The word hit harder than Harry expected. A wave of emotions surged up inside him—gratitude, panic, and anger. It all tangled together and made it hard to breathe.
"Family?" he repeated, his voice sharper than intended. Bitterness leaked into his words before he could stop it. "You think risking your lives makes us family? That putting yourselves in danger somehow proves something?" He clenched his fists, trying to hold himself together. "It only makes you—" He cut off, the heat in his chest suddenly twisting into something colder, sadder. His voice broke. He ran a shaking hand through his hair, fingers catching in the mess of it. That familiar gesture did nothing to calm him.
He was so tired of being the reason people got hurt.
"Please, Harry," Ginny said. Her voice cracked around his name. "This isn't about winning an argument. We don't want to see you suffer anymore. You don't have to carry this alone. Let us in. Let us help. We're stronger when we're together."
Her words struck something in him—something fragile.
"Stronger together?" He repeated, almost laughing, though there was no humour in it. "And if it doesn't work?
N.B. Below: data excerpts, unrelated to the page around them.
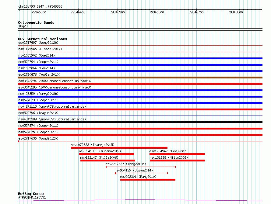 | | Variant Type | CNV deletion | | Copy Number | | | Allele State | | | Allele Origin | | | Probe Count | | | Validation Flag | | | Merged Status | S | | Merged Variants | esv2717636, esv2717497 | | Supporting Variants | | | Samples | SSM006 | | Known Genes | ATP9B | | Method | Sequencing | | Analysis | Breakdancer:4 times standard deviation,VariationHunter:4 times standard deviation and at least 3 supportting reads | | Platform | Illumina HiSeq 2000 | | Comments | | | Reference | Wong_et_al_2012b | | Pubmed ID | 23290073 | | Accession Number(s) | essv6716065
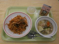8日(水) スパゲティナポリタン 白いんげん豆のスープ りんごゼリー コーヒー牛乳
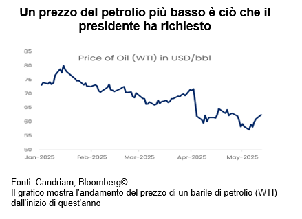 - Prezzi del petrolio in flessione. Il calo dei costi energetici funge da stimolo per le famiglie e le imprese, migliorando i redditi reali. Il Brent e il WTI sono entrambi diminuiti, in seguito all'aumento della produzione deciso dall'OPEC+ e a una minore domanda cinese. Tuttavia, i rischi geopolitici, soprattutto in Medio Oriente, restano un'incognita che potrebbe invertire rapidamente questa dinamica.
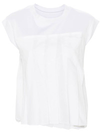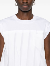 pleated T-shirt Highlights - White - Cotton - Panelled design - Poplin texture - Crew neck - Sleeveless - Ribbed cuffs - Front patch pocket - Pleat detailing - High-low hem Imported Composition Cotton 100% SIZE & FIT Model measurements Height 5 ft 10 in(1.77 m) Bust/Chest 32.28 in(82 cm) Hips 35.03 in(89 cm) Waist 25.19 in(64 cm) FittingInformation Designed for a relaxed fit, this piece allows for comfort and movement when worn Made from a midweight non-stretch fabric This piece fits true to size – take your usual size Washing instructions Dry Clean Only
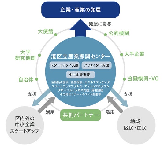 共創パートナーとは、様々なステークホルダーの取組みの輪がセンターをハブに加速度的かつ自走的に広がっていき、地域のみならず全国の経済産業を活性化させるとともに、センターにおけるネットワーク形成や広報力強化の取組効果を発揮します。企業や大学・研究機関、大使館、金融機関、投資機関等と連携し、社会課題解決に通じる事業領域の活性化を目指します。
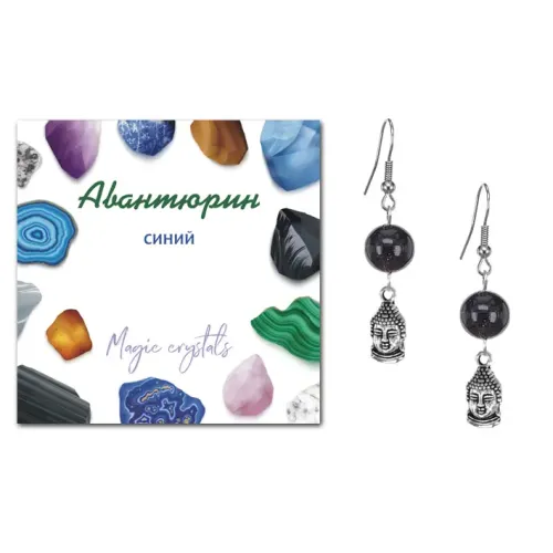 Серьги Будда (защита, духовное развитие), Синий авантюрин SEB07-02-2074
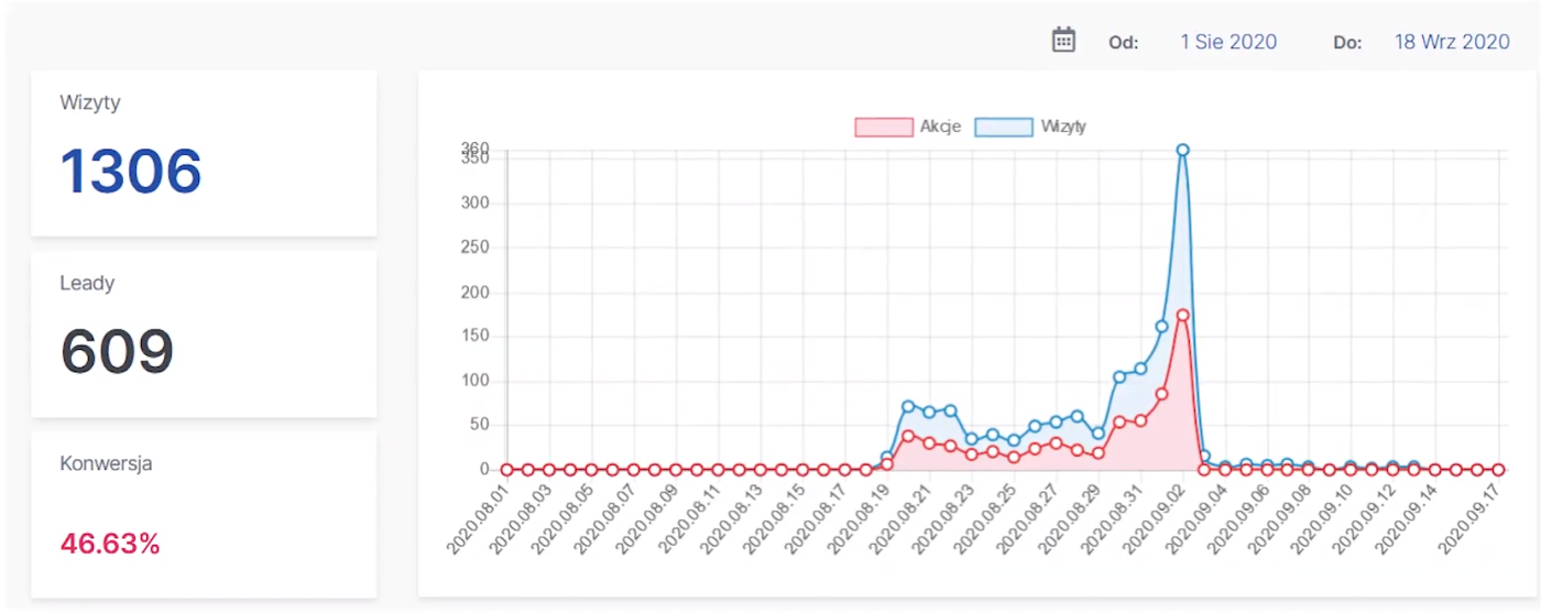 In this particular case, over 600 leads were gathered (from 1300 visits), and 300 people have taken part in the webinar. This means that the overall leads efficiency equaled to almost 50%.
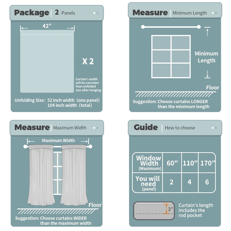 - EASY TO INSTALL: 2 curtain panels per package. Each lined blackout curtain measures 42 inches wide by 63 inches long, with 3 inches Rod Pocket on top, fits most curtain rods.
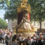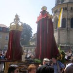 Zu den sicher eindrucksvollsten katholischen Festen in Deutschland zählt Fronleichnam, das Fest des „ Heiligsten Leibes und Blutes Christi“, das in der Mitte des 13. Jahrhunderts kirchlicherseits eingeführt wurde. Besonders feierlich wird die Fronleichnamsprozession noch heute in der oberfränkischen Bischofsstadt Bamberg abgehalten. Nach dem Festgottesdienst auf dem Domplatz, vor dem romanischen Kaiserdom, bewegt sich der lange Zug mit dem Allerheiligsten, getragen von Erzbischof Ludwig Schick, mit zahlreichen Tragefiguren der Zünfte und Bruderschaften sowie den gewaltigen Baldachinaufbauten mit dem Mariengnadenbild aus der Oberen Pfarre und der Pieta vom Beginn des 14. Jahrhunderts aus der Martinskirche durch die Straßen und Gassen der Stadt. Dabei ist es für zahlreiche Bamberger eine Ehre bei der Prozession mitzuhelfen. Allein das wertvolle, 16 Zentner schwere, Domkreuz wird von 18 Trägern bewegt. Die Gebete, Gesänge und Segensworte werden über Lautsprecher in der gesamten Altstadt übertragen, so dass sich kein Besucher der Stadt dem feierlichen Geschehen entziehen und selbst in einem der zahlreichen Cafés an der Liturgie teilnehmen kann (oder muss).
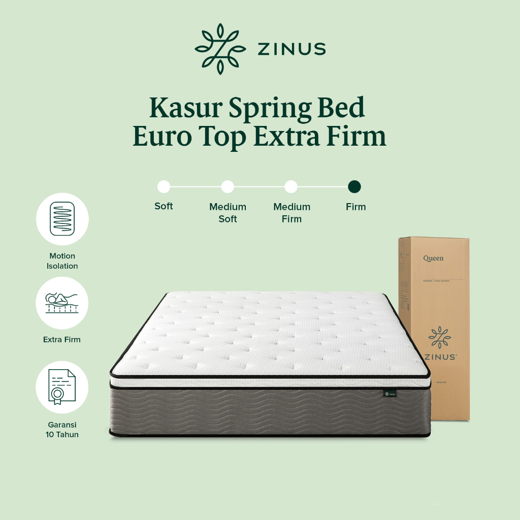 Kasur Zinus Spring Bed Euro Top juga memiliki keunggulan sebagai produk antibakteri dan antibau, menjadikannya lebih aman dan nyaman digunakan untuk beristirahat. Meskipun Anda perlu menunggu selama 72 jam agar kasur mengembang sepenuhnya sebelum digunakan, namun kepuasan tidur yang Anda dapatkan sebanding dengan waktu yang Anda investasikan. Jadi, jangan lewatkan kesempatan untuk memiliki kasur ini dan rasakan tidur yang nyenyak seperti yang Anda inginkan!
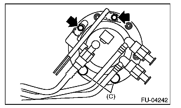 - After tightening, install the rubber cap (C) at the position shown in the figure.
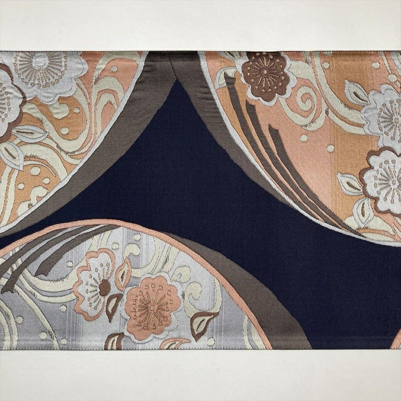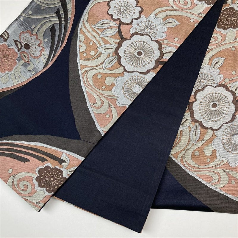 (中古)袋帯 紺 フォーマル 六通柄 流水 桜

What then? What if I drag you all down with me—for nothing?"
He hated how scared he sounded. Hated that he couldn't stop thinking about losing them—about them losing themselves—just for his sake.
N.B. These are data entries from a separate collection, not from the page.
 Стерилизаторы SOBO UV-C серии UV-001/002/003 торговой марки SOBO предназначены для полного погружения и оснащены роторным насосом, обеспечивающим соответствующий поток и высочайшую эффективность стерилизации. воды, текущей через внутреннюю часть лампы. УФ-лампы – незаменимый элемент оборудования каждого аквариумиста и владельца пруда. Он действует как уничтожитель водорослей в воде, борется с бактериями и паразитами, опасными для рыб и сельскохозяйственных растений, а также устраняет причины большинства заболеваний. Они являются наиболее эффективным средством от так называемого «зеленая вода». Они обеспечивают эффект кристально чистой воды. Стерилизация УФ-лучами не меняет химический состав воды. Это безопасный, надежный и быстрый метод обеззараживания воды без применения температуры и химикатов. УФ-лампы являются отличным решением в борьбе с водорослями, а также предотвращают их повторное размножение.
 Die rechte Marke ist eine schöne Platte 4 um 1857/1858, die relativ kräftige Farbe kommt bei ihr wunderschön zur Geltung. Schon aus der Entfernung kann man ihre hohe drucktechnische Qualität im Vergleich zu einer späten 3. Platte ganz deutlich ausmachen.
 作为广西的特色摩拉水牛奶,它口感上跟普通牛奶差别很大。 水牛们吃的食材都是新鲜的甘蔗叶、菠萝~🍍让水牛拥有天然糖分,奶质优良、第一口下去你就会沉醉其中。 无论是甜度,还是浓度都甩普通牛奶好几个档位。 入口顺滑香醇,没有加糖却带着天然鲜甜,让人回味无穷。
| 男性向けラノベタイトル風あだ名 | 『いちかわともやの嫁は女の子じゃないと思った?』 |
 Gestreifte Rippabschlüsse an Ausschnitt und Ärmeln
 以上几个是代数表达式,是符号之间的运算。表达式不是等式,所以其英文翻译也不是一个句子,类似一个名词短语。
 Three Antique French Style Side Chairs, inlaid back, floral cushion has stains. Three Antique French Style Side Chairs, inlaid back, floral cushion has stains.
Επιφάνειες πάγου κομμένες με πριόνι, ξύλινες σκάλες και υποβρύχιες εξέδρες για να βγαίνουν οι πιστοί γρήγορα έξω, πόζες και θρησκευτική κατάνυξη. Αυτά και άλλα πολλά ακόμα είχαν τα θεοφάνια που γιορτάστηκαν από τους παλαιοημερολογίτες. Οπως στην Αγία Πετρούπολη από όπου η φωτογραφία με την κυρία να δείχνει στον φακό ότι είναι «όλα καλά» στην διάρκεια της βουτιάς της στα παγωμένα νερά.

Hermione didn't back down. She stepped forward again, her expression fierce and determined, her eyes burning with that fire she always carried when she believed in something too much to let go.
"And what if it does work?" she said. "What if this is how we finally save you—really save you? You have to trust us, Harry. We're not rushing into this blindly. We're doing it because we love you. That's not weakness—it's strength."
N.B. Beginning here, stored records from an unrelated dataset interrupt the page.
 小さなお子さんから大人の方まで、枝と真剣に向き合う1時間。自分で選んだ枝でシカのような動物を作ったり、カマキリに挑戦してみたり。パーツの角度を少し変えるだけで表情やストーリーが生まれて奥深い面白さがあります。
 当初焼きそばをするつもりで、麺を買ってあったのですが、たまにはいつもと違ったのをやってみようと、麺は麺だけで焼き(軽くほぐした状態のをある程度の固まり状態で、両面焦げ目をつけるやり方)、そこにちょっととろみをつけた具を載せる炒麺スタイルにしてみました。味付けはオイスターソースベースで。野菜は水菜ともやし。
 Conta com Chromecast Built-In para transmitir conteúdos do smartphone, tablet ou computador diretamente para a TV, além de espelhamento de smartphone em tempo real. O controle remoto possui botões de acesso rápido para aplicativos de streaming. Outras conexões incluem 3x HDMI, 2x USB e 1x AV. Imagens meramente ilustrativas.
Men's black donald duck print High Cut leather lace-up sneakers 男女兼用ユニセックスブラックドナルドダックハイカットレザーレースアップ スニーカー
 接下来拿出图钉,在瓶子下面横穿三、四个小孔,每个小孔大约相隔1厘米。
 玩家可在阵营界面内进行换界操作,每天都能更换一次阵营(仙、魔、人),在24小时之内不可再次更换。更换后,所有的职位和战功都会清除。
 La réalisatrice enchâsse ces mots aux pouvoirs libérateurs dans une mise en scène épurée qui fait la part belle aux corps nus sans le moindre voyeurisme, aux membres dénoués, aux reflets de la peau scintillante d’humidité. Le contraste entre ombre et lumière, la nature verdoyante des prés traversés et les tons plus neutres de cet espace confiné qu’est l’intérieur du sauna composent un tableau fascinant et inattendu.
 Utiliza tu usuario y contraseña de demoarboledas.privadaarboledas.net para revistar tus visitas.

Her words echoed around the small bathroom like spells cast in silence. The sun was setting behind the grimy window, shadows crawling along the tiled walls. Harry's heart pounded so loud it drowned out everything else.
Could he do this?
Could he really let them in—after everything? After losing so many people he'd cared about? Sirius. Dumbledore. Fred. So many names that haunted him.
His stomach twisted.
"What if you lose yourselves?" he whispered. The fear in his voice startled even him. It felt like the realest thing he'd said all day. "What if I pull you into the dark with me, and there's no coming back?"
Ron moved closer, his tone steady. "Then we face it together. We've been through too much—Voldemort, Death Eaters, all of it—and we survived because we had each other. That doesn't stop now. We're in this with you. No matter what."
"Harry," Ginny said, her voice soft as candlelight. "There's always a price. Whether you fight alone or we fight with you. But at least this way, you don't have to face the pain by yourself. We've always been connected, haven't we? Maybe this potion can help you feel that again—help bring you back."
Harry looked at them all—Hermione, Ron, and Ginny. He saw the fear in their eyes, but also the strength. They meant it. Every word.
Hermione knelt beside him, her voice low. "You have to stop carrying this guilt. We've talked about it, and we've made our choice. We're with you."
Ron raised an eyebrow, his mouth curling into a crooked grin. "And besides, mate… what's a life-threatening magical ritual without a little danger?" He yelped as Hermione stomped on his foot, the sound sharp in the quiet room. He laughed, rubbing his ankle. "Alright, alright—bad timing. But seriously, aren't you at least a little glad we're here? You were never going to do this alone. We're your backup whether you like it or not."
And somehow, despite the fear tightening in his chest, Harry felt something start to loosen. Just a little.